So basically you really don't understand how the separation of powers works. If the SC declares a law unconstitutional, Congress can try to change the law to make it constitutional per the Court's ruling, but they can't change what is or is not constitutional. That is the power of the Court.
Well, arguably it's not. What changes what is or is not constitutional is, or I assume ought to be, what is written in the constitution. You have a process for creating and amending your constitution. My understanding is that it involves various state and national elected representatives or bodies.
While it is the court's role to interpret law, it is not their job to change it.

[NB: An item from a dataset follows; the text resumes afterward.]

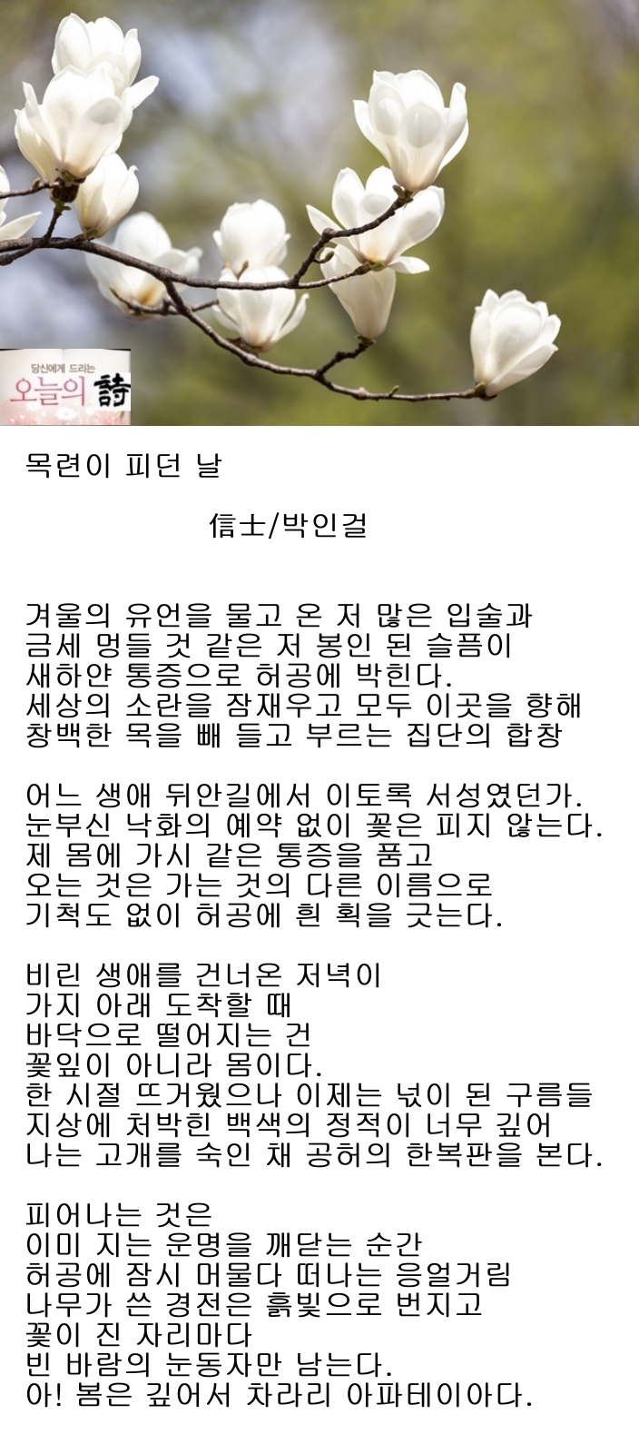 목련이 피던 날 - 信士 박인걸 겨울의 유언을 물고 온 저 많은 입술과 금세 멍들 것 같은 저 봉인 된 슬픔이 새하얀 통증으로 허공에 박힌다. 세상의 소란을 잠재우고 모두 이곳을 향해 창백한 목을 빼 들고 부르는 집단의 합창 어느 생애 뒤안길에서 이토록 서성였던가. 눈부신 낙화의 예약 없이 꽃은 피지 않는다. 제 몸에 가시 같은 통증을 품고 오는 것은 가는 것의 다른 이름으로 기척도 없이 허공에 흰 획을 긋는다. 비린 생애를 건너온 저녁이 가지 아래 도착할 때 바닥으로 떨어지는 건 꽃잎이 아니라 몸이다. 한 시절 뜨거웠으나 이제는 넋이 된 구름들 지상에 처박힌 백색의 정적이 너무 깊어 나는 고개를 숙인 채 공허의 한복판을 본다. 피어나는 것은 이미 지는 운명을 깨닫는 순간 허공에 잠시 머물다 떠나는 응..

That is a pretty fundamnetal distinction that people often lose sight of.
We have the same sort of discussions in Canada about the 1982 Constitution Act, which contained a Charter of Rights. prior to 82, the courts could try to figure out what took precedence when different laws contradicted each other, and could strike laws as being outside legislative powers where a provincial legislature passed a law within federal legislative authority and vice versa, but it's role was pretty limited.
However, with the Charter, which is very vague as all such bills of rights tend to be, the Court has taken on a far more activist and progressive role.
Whether that is a positive or a negative is debated (though generally favoured). But I think it has been universally acknowledged as a major change in the role of the judiciary, initiated by constitutional reforms which in turn were initiated by the federal and (most) provincial legislatures.
I don't know if this is true, but If you've seen in the US that this change has been driven not by legislative initiative but by judicial creep, then it does make sense to consider what legal avenues exist to push back where teat judicial creep was not contemplated or sought by those that created such constitutions and laws in the first place.